How do financial advisers win consumer trust?

How do financial advisers win consumer trust?
"It is widely accepted that a lack of consumer confidence in parts of the
financial services industry is now deterring many households from saving as
much as they might otherwise chose to do". A stark conclusion from the
Treasury Select Committee, as topical now as when it was written in July
2004. Then, the misselling of endowment mortgages and split capital
investment trusts were in the headlines. A decade on, we have seen the
biggest financial crisis in a lifetime, and still the scandals keep coming: PPI
misselling, bankers' bonuses, Libor rigging, and more.
Dissatisfaction with one part of the industry, or wrongdoing by a few firms, can
taint consumers’ views of the industry as a whole, whether this is justified or
not. There is some good news for the financial advice community here:
advisers and brokers are the most trusted type of institution, followed by
building societies1.But the bottom line is that people are more likely to trust
the ability and expertise of their financial institutions, than believe the
institution has their best interests at heart2. This echoes pre-crisis findings by
the Financial Services Consumer Panel (FSCP), when less than a third of
consumers agreed that financial services firms put customers first3.
People tend to trust their own institution more than financial institutions in
general. There are also differences between groups of consumers: in general,
those with the lowest incomes trust financial institutions the least.
Firms want consumers to trust them so they can sell more products and
services. Nothing wrong with that: firms are there to make a profit. What
breeds mistrust is when the industry dresses up the message in rhetoric
about, for example, the nation not saving enough. Consumers know the
motivation is selling. They have also seen enough misselling headlines to
think they may well be sold something they don’t want or need, but often lack
the financial literacy skills or confidence to make their own judgments. Their
suspicions are confirmed by an industry that seems incapable of talking in
plain language. So they ask friends or family for advice, buy the wrong thing,
or buy nothing.
The Retail Distribution Review (RDR) should have made a big difference to
consumer attitudes. Yet a Personal Finance Society survey4 found that less
than a third of people who had not taken professional advice were aware of
the new emphasis on professionalism and transparency. Nearly half of these
‘unadvised’ consumers, and over a third of those who had taken advice said
they did not have trust and confidence in the sector.
1http://www.nottingham.ac.uk/business/businesscentres/crbfs/documents/researchreports/paper77.pdf
- all data 2010Q3
2 Ibid.
3 Consumer Confidence in the Financial Services Industry, Consumer Panel Research Paper 2/2005.
http://www.fs-cp.org.uk/publications/pdf/confidence.pdf
4 The RDR and Consumers 2014.
http://www.cii.co.uk/media/5139793/pfs_rdr_consumer_report_feb2014.pdf
It does not help that some firms seem to see regulation as something to be
challenged or evaded. Successive FCA reviews of RDR implementation have
found problems, for example, the use of ‘in kind’ inducements to advisers to
sell particular products, and failure to disclose costs fully. How can firms
expect to be trusted when they demonstrate repeatedly that they are not
trustworthy?
In conclusion, it seems fair to say that not much has changed in the past
decade or so across the industry, although we have not yet seen the full
impact of a dedicated conduct regulator.
For the future, the biggest change is likely to be an increase in online sales.

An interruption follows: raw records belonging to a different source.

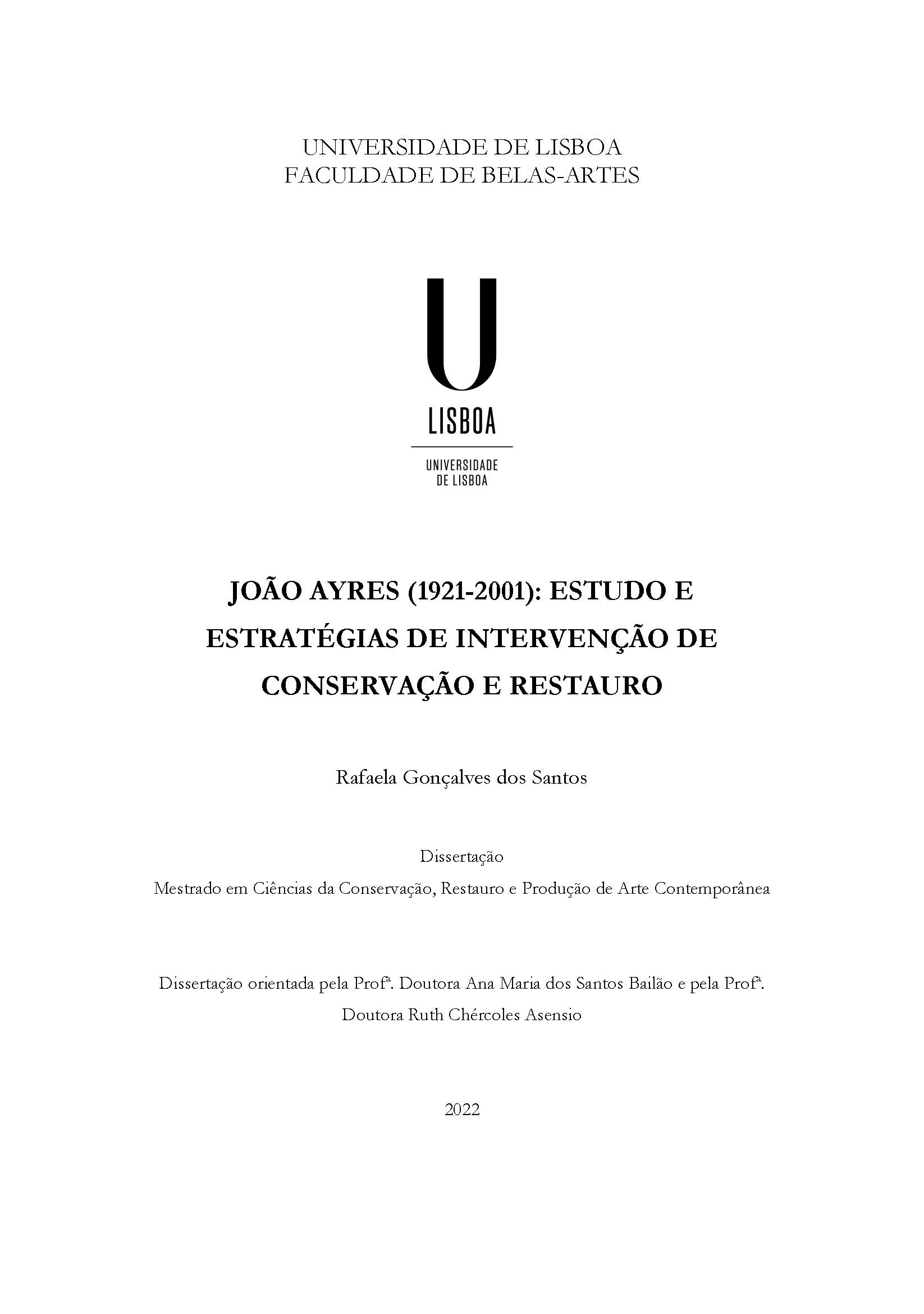 The present dissertation has as its theme the technical study and the respective conservation and restoration intervention of one of the works of the Portuguese painter João Ayres (1921-2001). Ayres had a vast artistic production, however his work as a contemporary painter has been barely studied. From the existing artworks, one painting on wood was selected, produced in Mozambique in 1948. The criterion for selecting was its state of conservation. In this case, the work was selected due to its advanced state of degradation. The constituent materials, construction techniques and intervention strategies were systematically analyzed. The investigation was phased. However, the different phases were related to each other, since the knowledge concerning the original constituent materials allowed, on the one hand, to understand the degradation processes of the works and, on the other hand, to acquire information for decision-making about the intervention methodologies. The knowledge acquired through the analysis of the artist's vast collection allowed an even more detailed understanding of the construction techniques used in the production of his artworks. The study regarding research strategies aimed to broaden our knowledge about each of the intervention stages, whether in the supports or in the pictorial layer, and therefore, they were defined after a bibliographic review of each of the treatments and respective materials. In this field, it is noteworthy the lack of specific bibliography for support treatments in plywood, and with this project it was intended to make known the different phases that encompass an intervention of this nature. The problem of support consolidation and restructuring stands out amongst the treatments performed throughout the intervention. For the consolidation of the support, which was in an advanced state of rot and infestation, it was intended to formulate a methodology capable of reestablishing the cohesion of the woody particles and conferring mechanical resistance to the support; in the restructuring, it was intended to apply an alveolar-shaped balsa parquet system, with the aim of reinforcing the entire structure, in order to reestablish the stability of the support and prepare the painting for layout and exposure
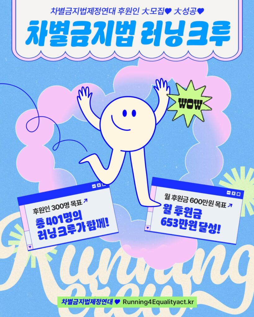차별과 혐오 선동 앞에 평등과 공존의 조건이 무너지는 바로 지금, 우리는 새로운 민주주의를 열고 평등으로 나아가야 할 때입니다. 이제 차별금지법 제정까지 함께 달릴 러닝크루와 함께 22대 국회 내 제정을 목표로 다시 가열찬 입법 투쟁을 시작해나가겠습니다. 앞으로 차별금지법제정연대가 만들어갈 활동과 투쟁에 관심과 참여를 부탁드립니다. 혹시 이번 모집 사업에 참여하지 못하셨더라도, 차별금지법제정연대의 후원은 언제나 열려있습니다 (후원하기🙌)
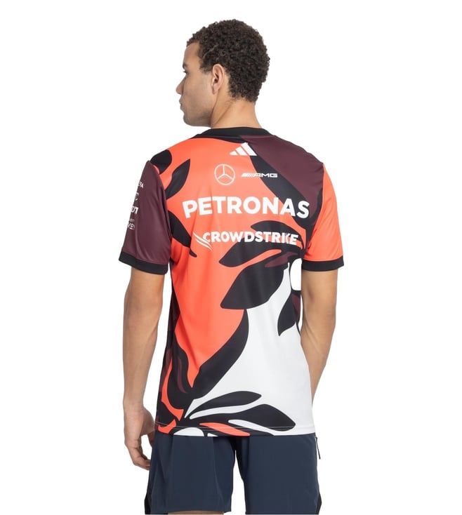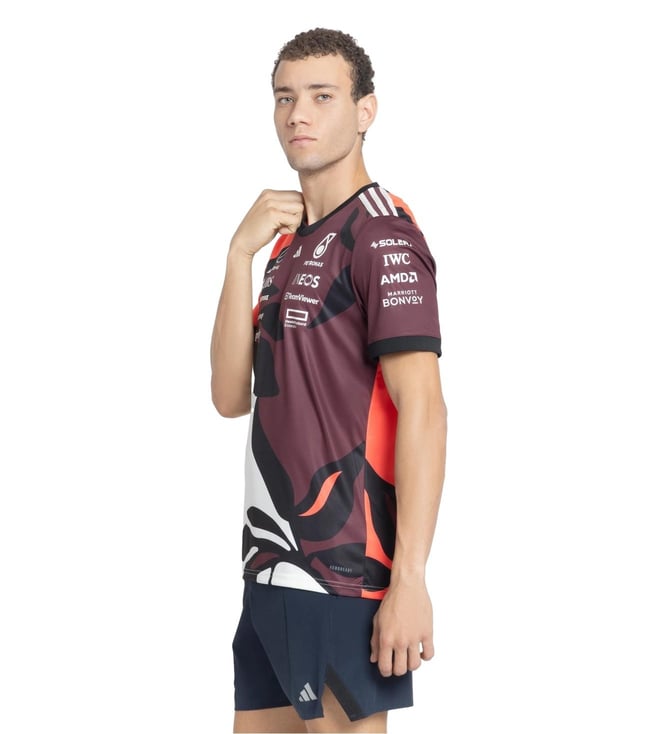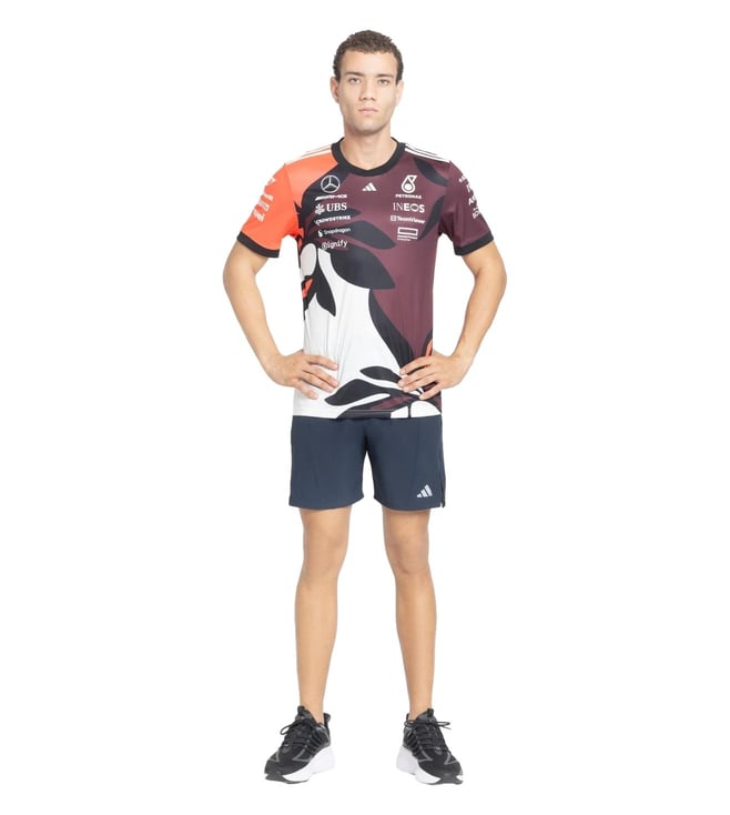 Look your best by wearing this multicoloured regular fit jersey from adidas. Tailored to sartorial perfection from premium quality fabric, it assures a soft and soothing touch against the skin. The round neck adds to its appeal. Exuding short sleeves, it is sure to fetch you compliments from all. The printed pattern makes it a captivating choice.
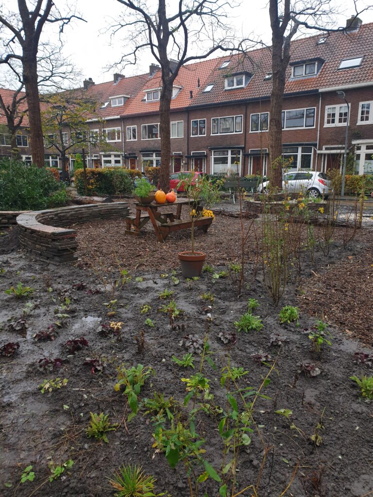 Zo werden gedurende diverse zaterdagen een vogelbosje, kabouter speelplek, muurtjes, randen van boomstammen en wilgenten en paadjes gemaakt. De bewoners regelden daarnaast ook een vlonder rond de boom midden op het plein, een materialenkast, informatiebord, composthoop en vogelhuisjes. Het kostte ruim een jaar om het ontwerp te realiseren. Dat lijkt lang maar zorgde er juist voor dat er steeds meer contacten tussen bewoners in de buurt ontstonden. Voor de zomer van 2025 is een heuse agenda met activiteiten gemaakt, waaronder uiteraard het onderhoud van het groen.
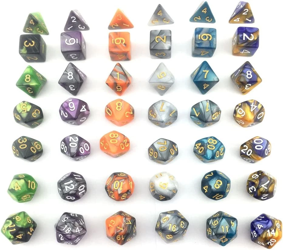 You will receive 6 x 7-Die dice sets with 6 small pouches and 1 big pouch. A single 7-die set contains one d20, one d12, two d10 (00-90 and 0-9), one d8, one d6, and one d4. Colors are the same with the first picture. Made of acrylic materials which is durable and hardwearing. Each die with large and easy to read golden numbers. Perfect for Table Games, Board Game, Dungeons and Dragons, MTG, RPG, Shadowrun, Pathfinder, Heroscape, Savage World, Yahtzee, Math Teaching, etc. TIPS: if you receive defective dices, missing dices sets or sets which have wrong colors, please contact us. Product Description This sets of 6 double- color series dices comes with 6 sets of 7-die dices (totally 42pcs) with 7 pouches. A single 7-die set contains one d20, one d12, two d10 (00-90 and 0-9), one d8, one d6, and one d4. Feature 1 You will receive 6 x 7-Die dice sets with 6 small pouches and 1 big pouch. A single 7-die set contains one d20, one d12, two d10 (00-90 and 0-9), one d8, one d6, and one d4. Feature 2 Guaranted no duplicate colors. Colors are the same with the first picture. Feature 3 Made of acrylic materials which is durable and hardwearing. Each die with large and easy to read golden numbers. Feature 4 Perfect for Table Games, Board Game, Dungeons and Dragons, MTG, RPG, Shadowrun, Pathfinder, Heroscape, Savage World, Yahtzee, Math Teaching, etc.
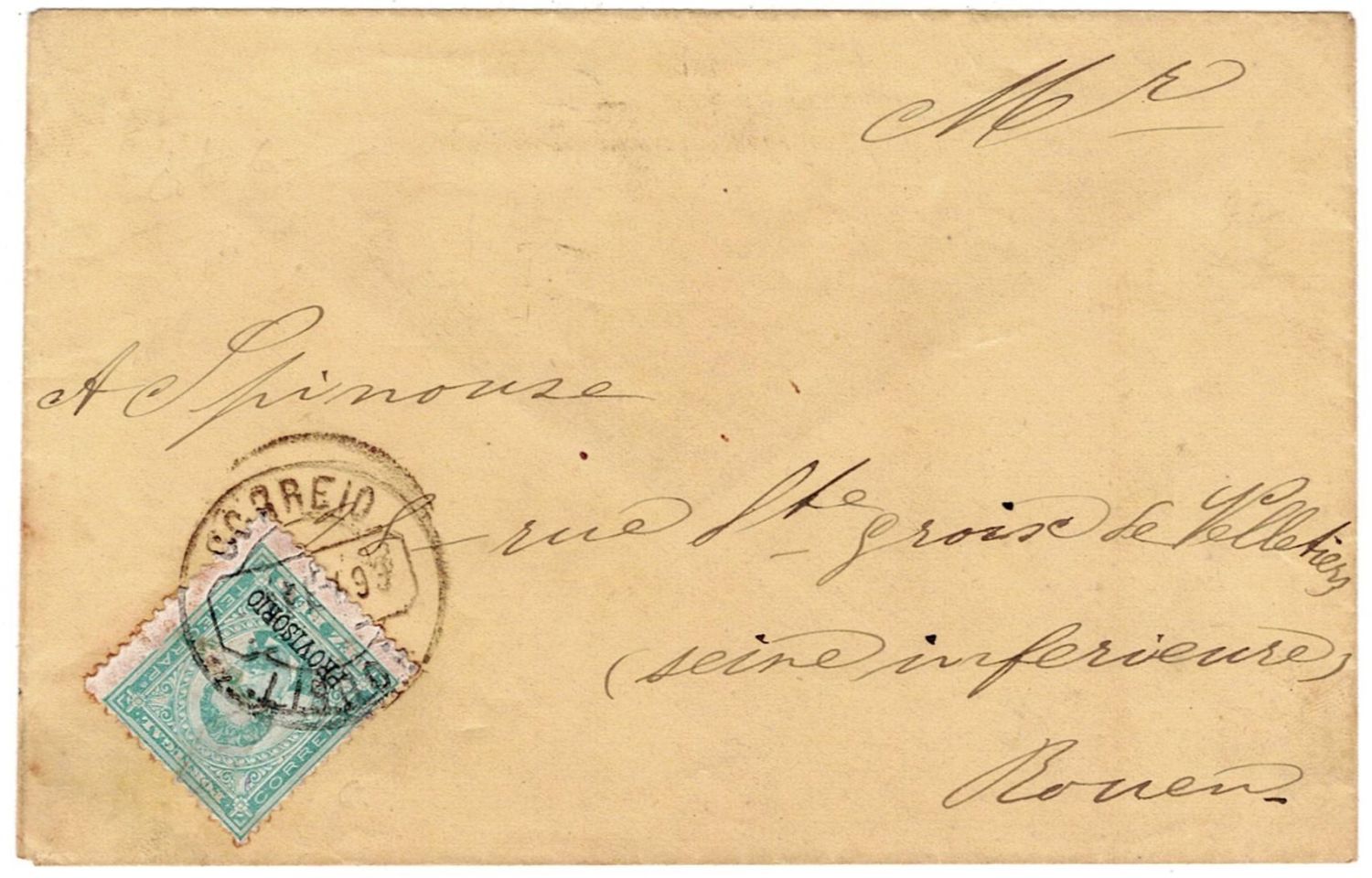 1523 imagePortugal. D. Luis Provisório. Open letter, paying printing fee, postage of 10 reis MF#81, sent from Lisbon in February 1893 to Rouen, France.(Image 1)
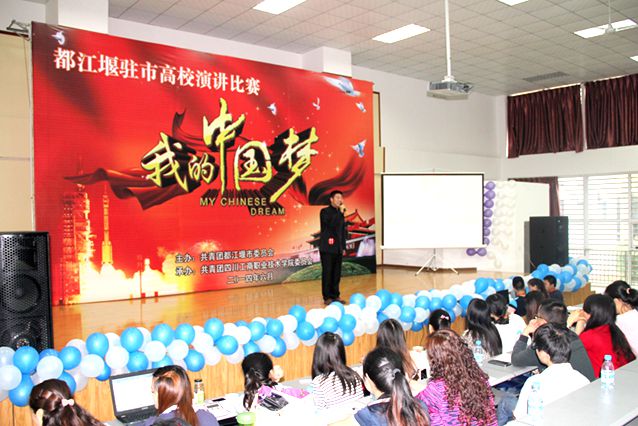 6月13日下午,在我院J2B演讲厅隆重举行了都江堰驻市高校“我的中国梦”演讲比赛。本次演讲比赛是由我院与四川农业大学都江堰校区、电子科技大学、成都东软学院、四川水利职业技术学院五所高校演讲协会发起并由共青团都江堰市委会商各驻市高校团委举行的一场比赛。团成都市委党组成员、纪检组长范才全,团成都市委学校部副部长向勇以及团都江堰市委、都江堰文广新局、都江堰市精神文明办的负责同志,我院党委书记孙培生、党委副书记黄天贵、院长助理王开淮等领导出席了此次活动。本次活动的评委由著名作家南怀瑾大师的关门弟子王国平、夏寂书院创始人夏莉莉以及各高校团委书记担任。
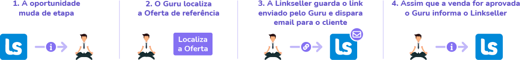 1 - A ativação da automação acontece do lado do LinkSeller, quando uma oportunidade muda para uma etapa configurada como gatilho (ex: Aguardando Efet.). Quando isso acontece, o Linkseller envia para a sua conta Guru um pedido de geração de link de checkout.
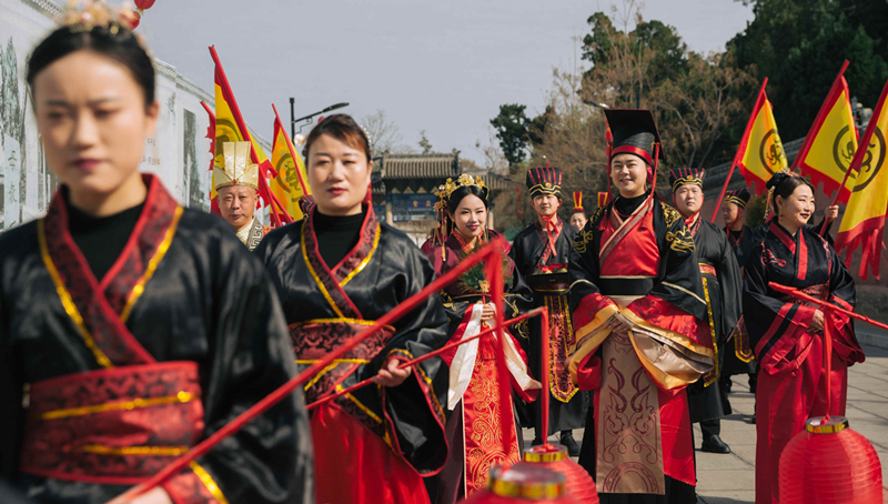 4月5日,正值清明假期,鄒魯文化公司組織的一場漢式周制婚禮展演在千年孟府舉行,展現(xiàn)了傳統(tǒng)文化之美。當天,伴隨著古樸典雅的音樂,一對新人身穿漢式婚服,在執(zhí)事的引導(dǎo)下,遵循古禮,步入典禮現(xiàn)場。在贊禮官的帶領(lǐng)下,兩位新人重現(xiàn)經(jīng)典的漢式婚禮,互行沃盥、對席、同牢、合巹、解纓、結(jié)發(fā)、拜叩等有著獨特寓意的婚典禮儀。該展演活動秉承“著我漢家衣裳,興我禮義之邦”的理念,以漢服為載體,傳承發(fā)揚傳統(tǒng)婚俗文化。鄒魯文化供圖
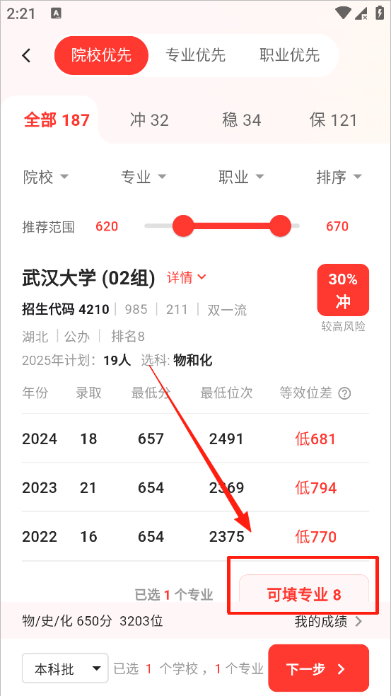 3、正式进入选择学校和专业的页面,这里会根据你所填的分数,推荐合适的学校点击“可填专业”
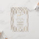 Invitation de réception élégante Gatsby le Magnifique Art Déco Or et Blanc. Un design de carte inspiré des années 1920 en blanc et or présente de beaux motifs géométriques de style Art Déco sur fond texturé blanc. Utilisez l'outil de personnalisation pour ajouter vos informations. Voir également ma collection de mariage Art Déco Gatsby le Magnifique Blanc.
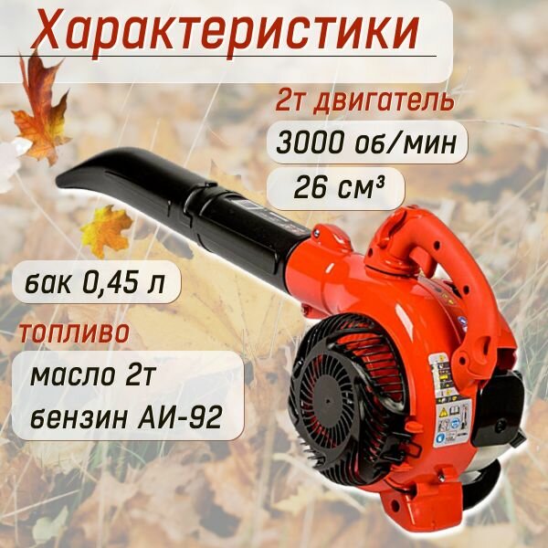 Бензиновая воздуходувка BRAIT BGB260C (750 Вт, 3000 об/мин, об/ травосборника 50 л, произв. 720 м/ч ) / для уборки листьев / пылесос промышленный
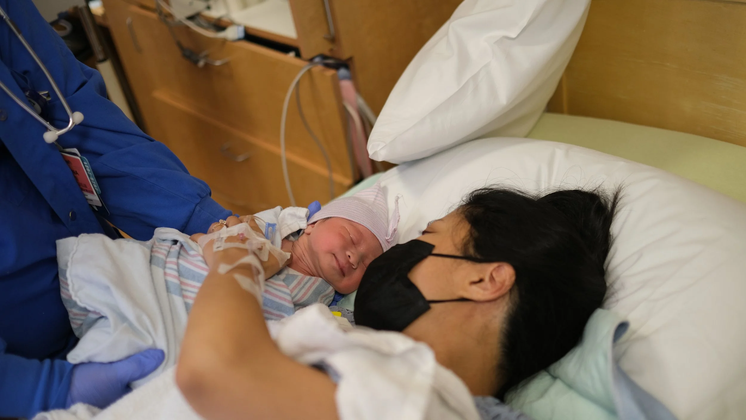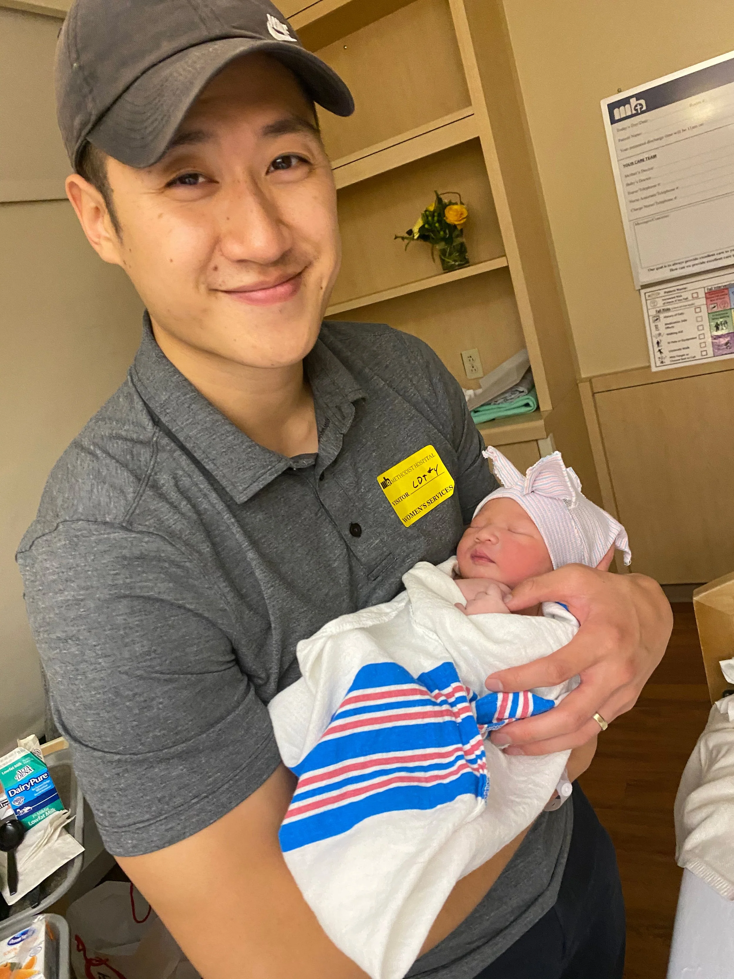 After a couple pushes, my doctor cautioned me to push more gently as baby girl’s heart rate had dropped slightly. It was difficult to breathe with a mask (yes, we were required to wear masks throughout delivery due to covid), but I was so focused on just bringing in this baby into the world. After a few more gentle pushes, she arrived and breathed her first full breath. Our daughter was born and she was absolutely perfect in every way.
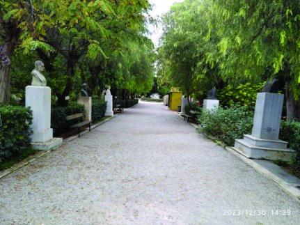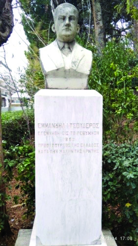 Η ανάγλυφη μορφή του δεύτερου, υποδέχεται τους επισκέπτες στα δεξιά του δρόμου της κεντρικής εισόδου. Η παρουσία του βέβαια παραπέμπει συνειρμικά στην απουσία του πρώτου, που είχε την έμπνευση και την πρωτοβουλία του έργου. Μήπως η αποκατάσταση των πραγμάτων επιβάλλει εγκατάσταση της προτομής του; Μήπως, λέω. Επίσης, αν ήταν να πάρει ο κήπος όνομα, μήπως θα έπρεπε να πάρει τα ονόματα και των δύο; Μήπως, λέω. Δεν νομίζω, άλλωστε ότι θα προέκυπτε πρόβλημα, όπως με τον πρόσφατο επετειακό εορτασμό του Αρκαδιού, όπου ο ένας πυρπολητής έγινε διπλός και μετά κανένας! Μια «πατάτα» δηλαδή, για μην πω… χοντροπατάτα, που κι αν ήθελα να την ξεχάσω, δεν με αφήνει ο μπρούτζινος γείτονάς μου Κωστής Γιαμπουδάκης. Θα αναρωτιέστε προφανώς πού τα μαθαίνω όλα αυτά. Μα από τις συζητήσεις που γίνονται μέσα στον κήπο μου, που είναι χώρος αλληλοπληροφόρησης και σχολείο αλληλοδιδασκαλίας.

Many consumers prefer to buy this way, and that is fine so long as people
understand what they are buying and at what price, and the risks of ‘execution
only’. The FSCP found big problems with online annuity sales5, including lack
of information and ‘hidden’ commissions. These conclusions read across to
online investment sales.
The pensions liberation and ‘guidance guarantee’ announced in the 2014
Budget will make a big difference to the retail investment market. The
changes are also an opportunity for the advice sector to demonstrate that it
can put consumers at the heart of its business. Not everyone approaching
retirement will want or need professional advice, but many will.
So, what do consumers want? First, people need to feel their adviser is ‘on
their side’. They need to understand when they are being advised (in the
common usage of the word) and when they are being sold a product. People
want straightforward products that they can understand, simple choices, and
no jargon. They want to understand what, exactly, they are getting for their
money and, ideally, to be able to judge the performance of their adviser.
Both manufacturers and distributors have a role here, to design products that
people want to buy, and sell them in an open and transparent way. This would
go a long way towards engaging people who currently regard personal
finance as scary or boring. Financial education can play a part – and future
generations will leave school with financial literacy skills, a big plus – but it
can’t do the job on its own.
Finally, advice needs to be more flexible. Regulated advice is clunky and
confusing, with labels like ‘independent’ and ‘restricted’, which do not
resonate with consumers. At the time of writing, the FCA was consulting on
clarifying the boundaries of regulated advice6. This should lead to more ‘fit for
purpose’ models, built around consumers’ needs.